Но сердце его было неспокойно: во-первых, он сильно тревожился за свою больную, не зная, полезен или вреден ей сон, и беспрестанно бегал смотреть, жива ли она, не околевает ли; во-вторых, он побаивался и сам за себя: в исчезновении собаки из квартиры Петра Степановича заподозрят, конечно, его и уж наверняка не похвалят. «Поколотят, известное дело, поколотят», – решил он в уме.
Проспавши часа два, собака проснулась. Она узнала Илюшу, стала ласкаться к нему и проситься вон из темного чулана. Мальчик достал у тетки хлеба и сначала покормил ее, с удовольствием глядя, как она хорошо ест и крепко держится на ногах. Оставлять собаку в чулане больше было нельзя: она визжала и скреблась в дверь. Просто выпустить ее на свободу мальчик боялся: она все еще не могла быстро бегать, Петр Степанович, пожалуй, опять поймает ее и начнет мучить.
Илюша решился сам завести собаку подальше от дома. С помощью хлеба мальчику удалось выманить ее за собой на улицу, и он пошел с ней, сам не зная куда, и шел таким образом, пока, совсем усталый, не очутился в незнакомой части города. Там он отдал собаке хлеб и, пока она с жадностью бросилась есть его, сам со всех ног побежал назад. Собака не последовала за ним: должно быть, длинное путешествие после болезни утомило ее, а он пробродил больше часу по разным улицам и закоулкам, пока нашел дорогу домой.
Только он вошел в ворота, как из дворницкой раздался сердитый голос Архипа:
– Илюшка, где это ты пропадал? Иди-ка сюда, негодный мальчишка!

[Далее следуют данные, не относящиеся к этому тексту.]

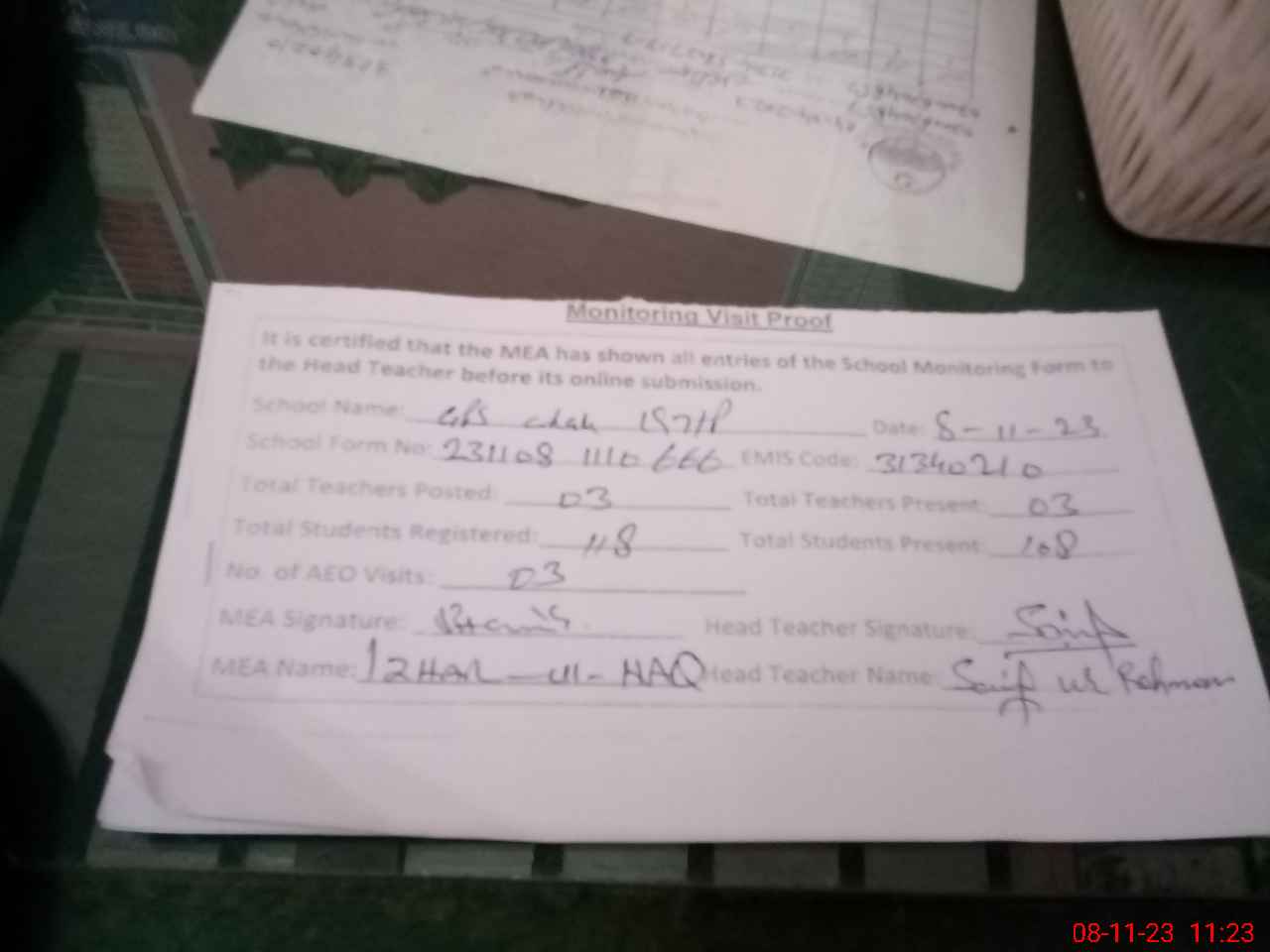 | Monitoring Date: 08-11-2023 | Start Time: 08-11-2023 10:46 AM | End Time: 08-11-2023 11:27 AM | Name of MEA: Mu**** Iz**** UlHa**** | |
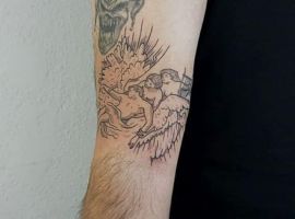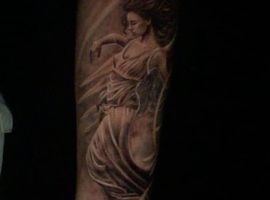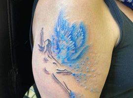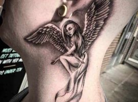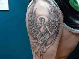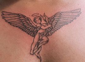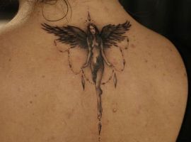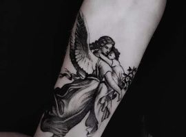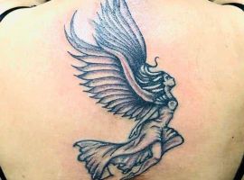 Ангел в полете, который расправил свои крылья может быть образом перерождения, освобождения от чего-то или кого-то в прошлом. Такие татуировки часто набивают в память о пройденном этапе в жизни, к которому не хочется возвращаться или который стал толчком к новой лучшей жизни.
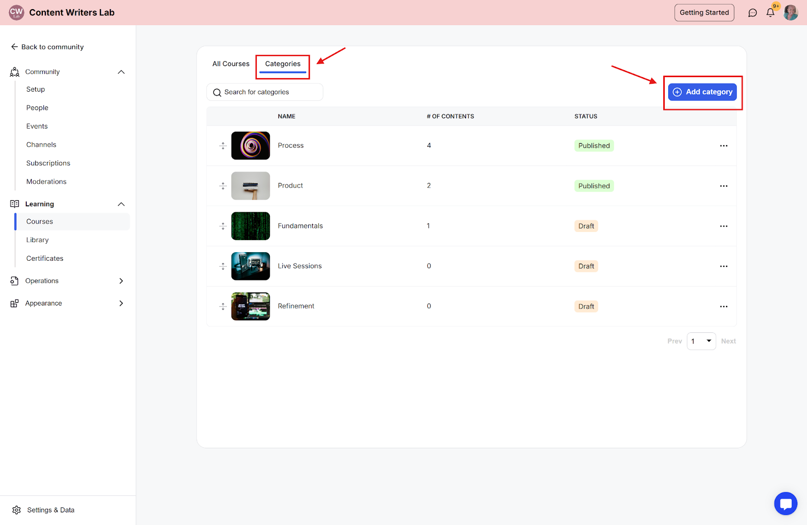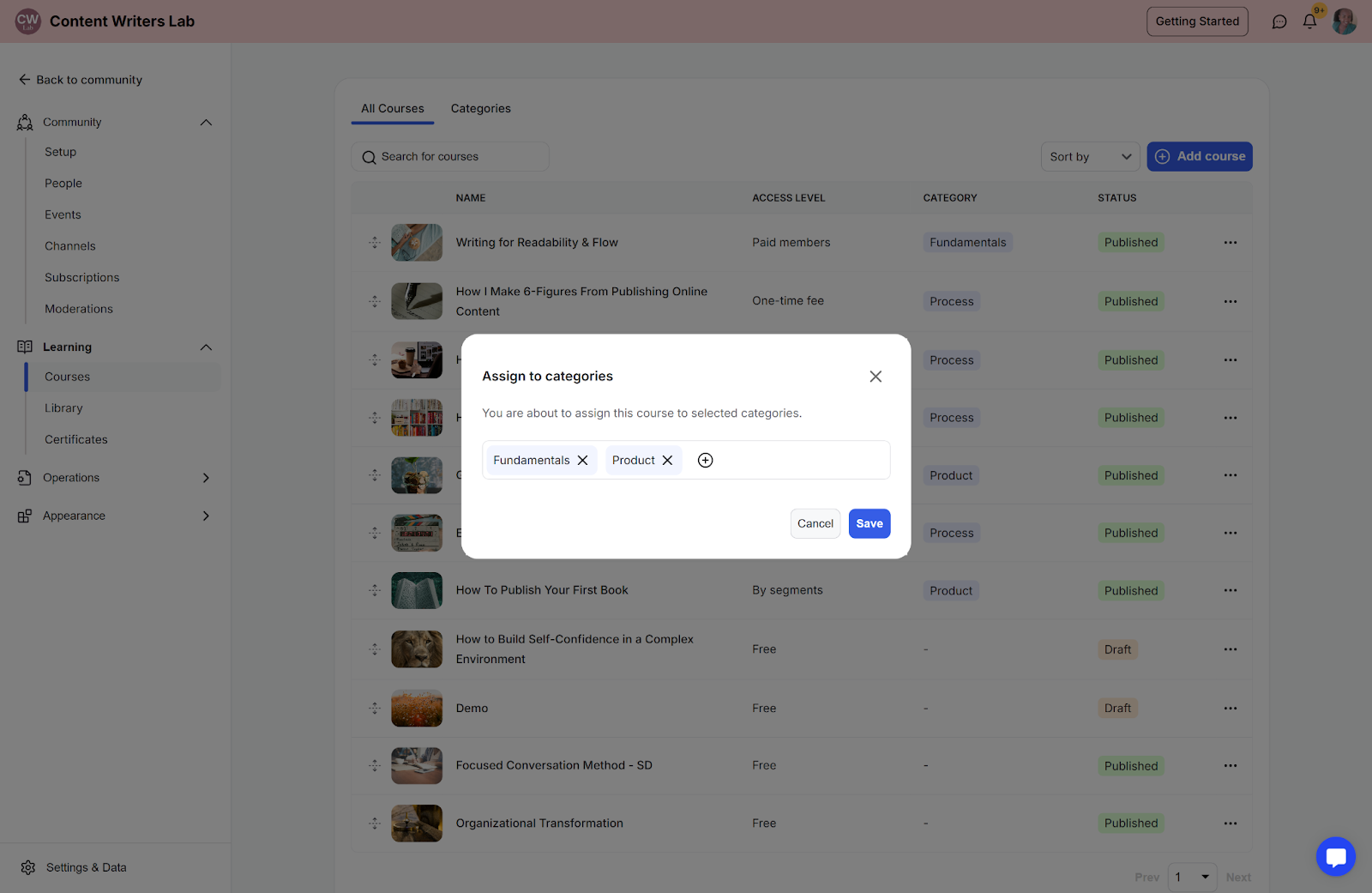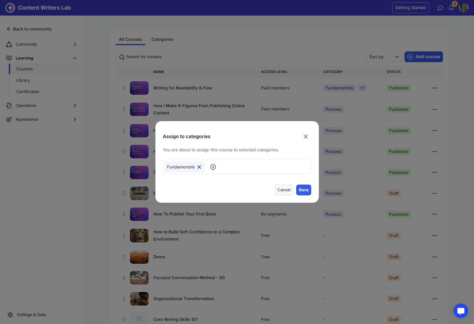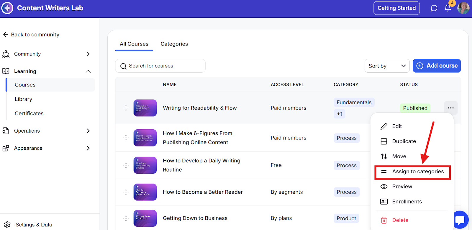 Course categories help you organize and group related courses so members can find them more easily. This guide shows you how to create categories, assign courses, and arrange their order.
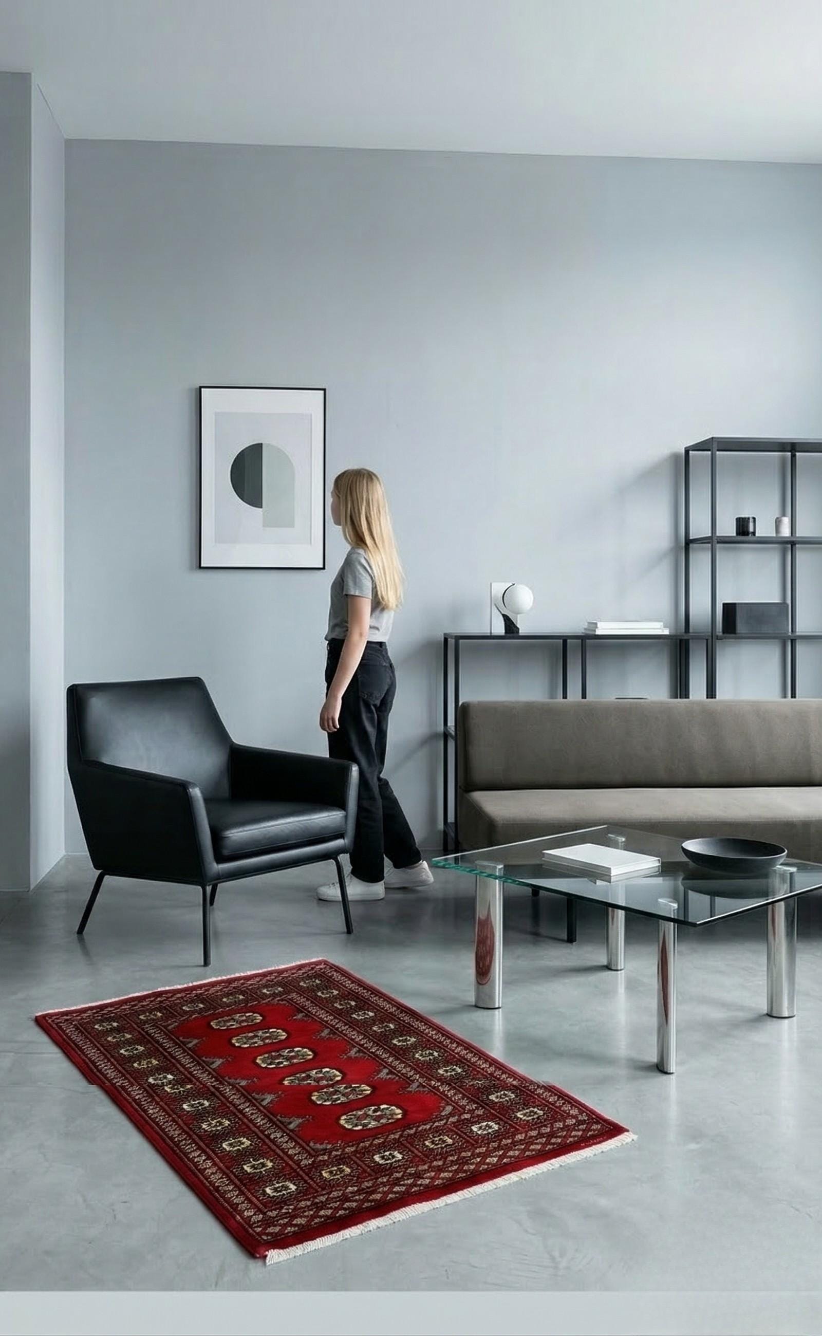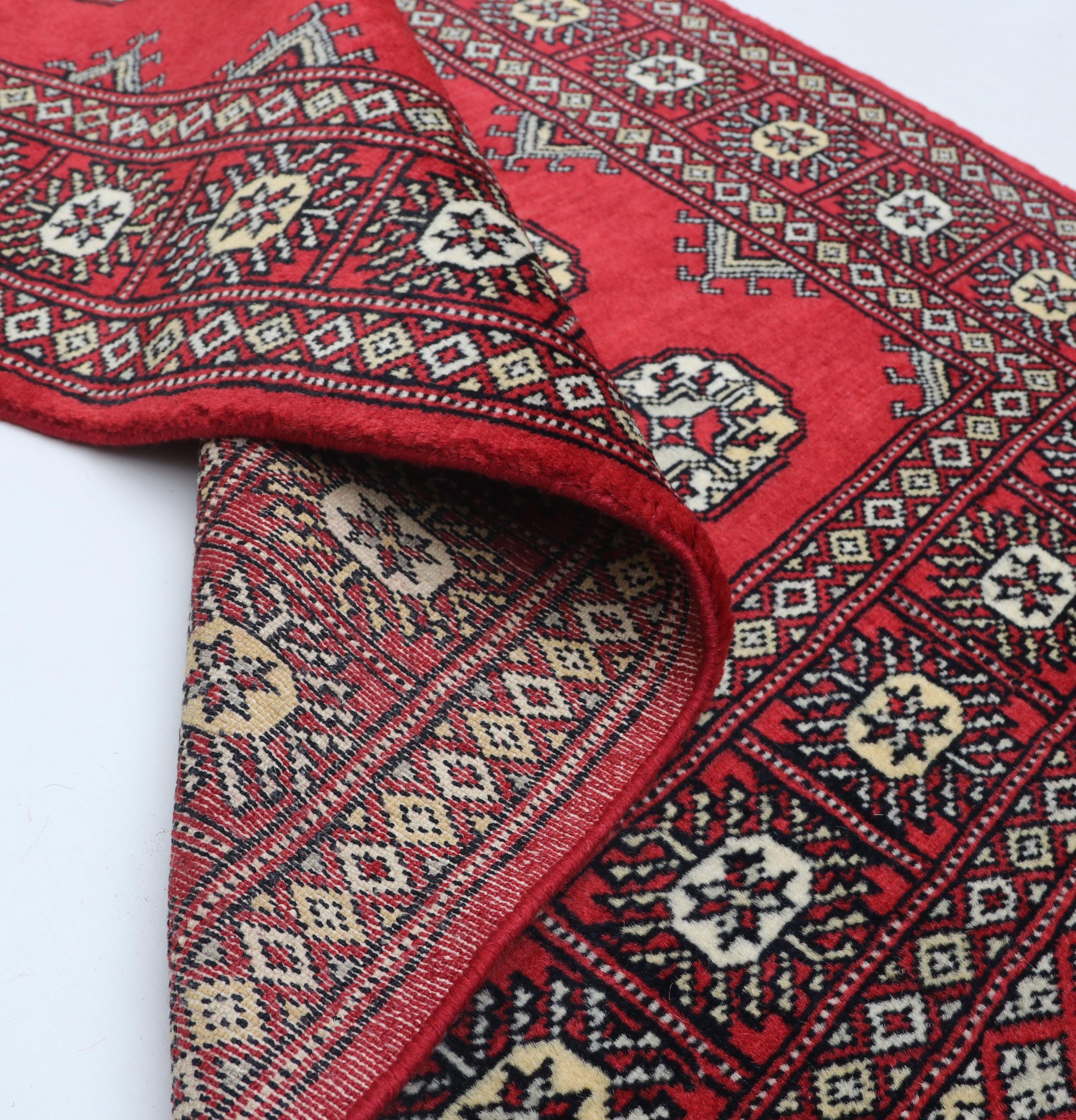 2.8 X 4.2 ft large Mori Bokhara rug, handmade veg dyes Cotton and Wool Rug, Pakhtaun Tribal rug in Red - Rugs for Living Room
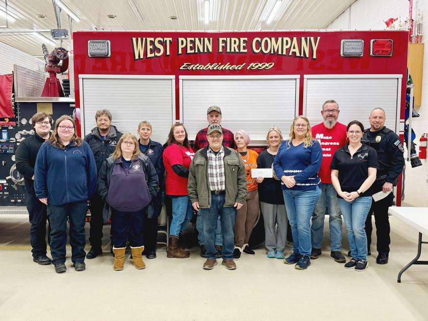 Andreas Sporting Club’s commitment to giving back to the community this year included donations in the amounts of $3,000 to West Penn Fire Company, $1,500 to Penn Mahoning Ambulance, $1,000 to Mahoning Valley Ambulance, and $500 to D.A.R.E. in care of West Penn Police Department. Representatives from each organization attended West Penn Fire Company’s general meeting this week to receive the donations. Front row, from left: Emily Swolensky, public relations supervisor, Mahoning Valley Ambulance; Valerie Coombe, president, Penn Mahoning Ambulance; Jim Knappenberger, president, Andreas Sporting Club; Dahna Phillips, financial secretary, sporting club; and Stephanie Krause, sporting club trustee. Back row, from left: Zachary Swolensky, EMT, Mahoning Valley Ambulance; Gerald Coombe, captain, Penn Mahoning Ambulance; Karen Crostley, vice president, Penn Mahoning Ambulance; Kathy Kromer, steward, ASC; Hans Krause, vice president, sporting club; Barb Knappenberger, treasurer, sporting club; Rebecca Easterday, vice president, West Penn Fire Company; Doug Bachert, field captain, sporting club, and Jason Lorah, chief, West Penn Police Department. CONTRIBUTED PHOTO
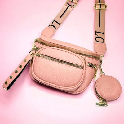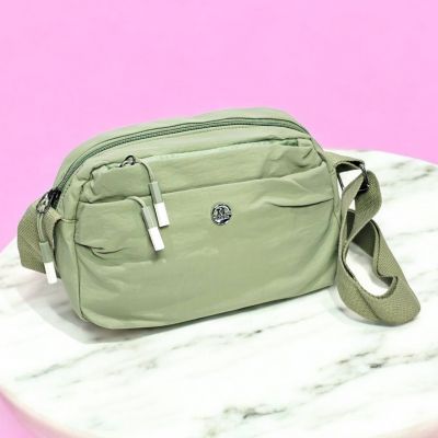 Bandolera, Morral Liso con 5 Cierres Horizontales y Detalle Plateado Letra M Fashion
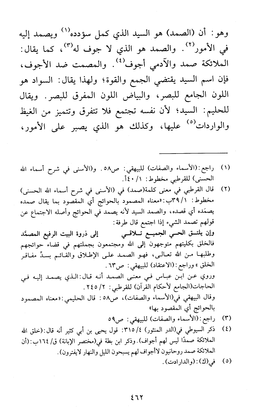 وهو أن الصمد هو السيد الذي كمل سؤدده ويصمد إليه في الأمور والصمد هو الذي لا جوف له كما يقال الملائكة صمد والآدمي أجوف والمصمت ضد الأجوف فإن اسم السيد يقتضي الجمع والقوة ولهذا يقال السواد هو اللون الجامع للبصر والبياض اللون المفرق للبصر ويقال للحليم السيد لأن نفسه تجتمع فلا تتفرق ولا تتميز من الغيظ والواردات عليها وكذلك هو الذي يصبر على الأمور
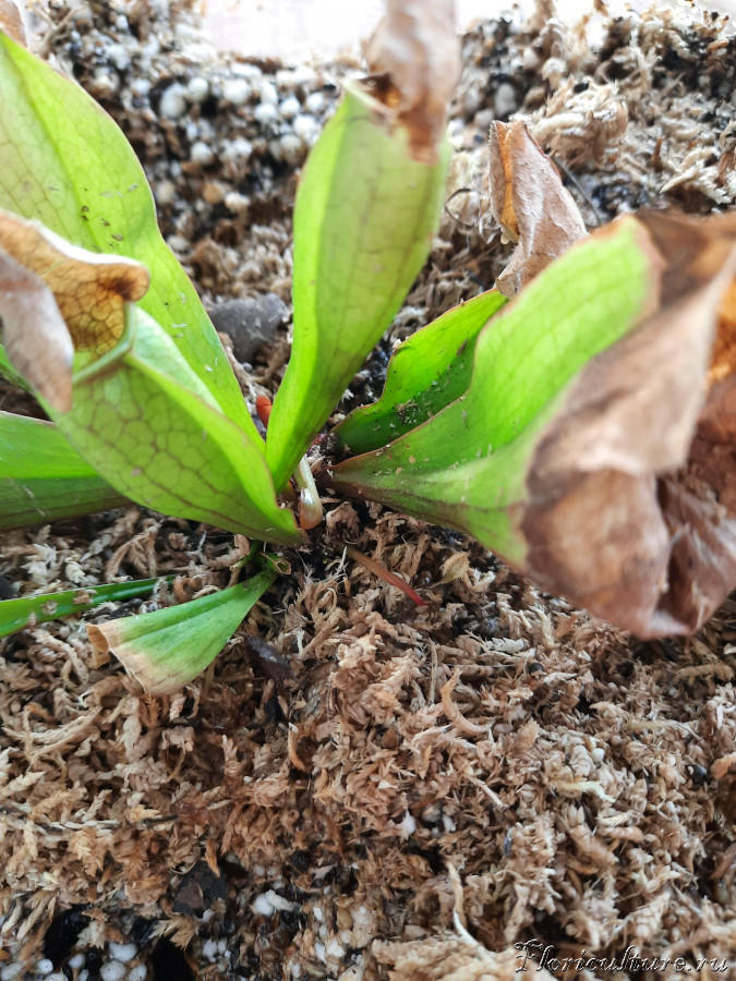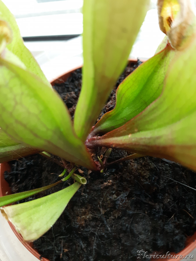 Постоянно вспоминая, что в природных условиях psittacina временами полностью затапливается, прошлой осенью начал опрыскивать её водой. Вскоре саррацения начала сушить капюшоны (возможно, просто совпадение). Глядя на то, как закис с весны грунт у росянок, подумал, что саррацении тоже могло "поплохеть" от этого. Пересадил в ноябре, позже полил янтарной кислотой, но сушка кончиков листьев продолжалась.

«Узнали! Cейчас бить будут!» – мелькнуло в голове Илюши, и он медленно, неохотно, нахмурив брови и опустив голову, направился в дворницкую, куда его звали.
– Это ты выпустил собаку Петра Степановича? Говори сейчас же! – закричал на него Архип и, чтобы придать больше внушительности своим словам, схватил мальчика за волосы.
Илюша молчал. Ему не хотелось ни объяснять, ни оправдывать своего поступка, и он ждал неизбежного за него наказания.
– Да чего же ты не говоришь? Идол ты этакий! – горячился Архип. – Твое это дело, что ли? Ходил ты на квартиру барина без него?
– Ходил! – проговорил наконец Илюша.
– Ах ты!.. – Архип замахнулся и готовился знатно проучить мальчишку за шалость, но вдруг кто-то остановил его руку.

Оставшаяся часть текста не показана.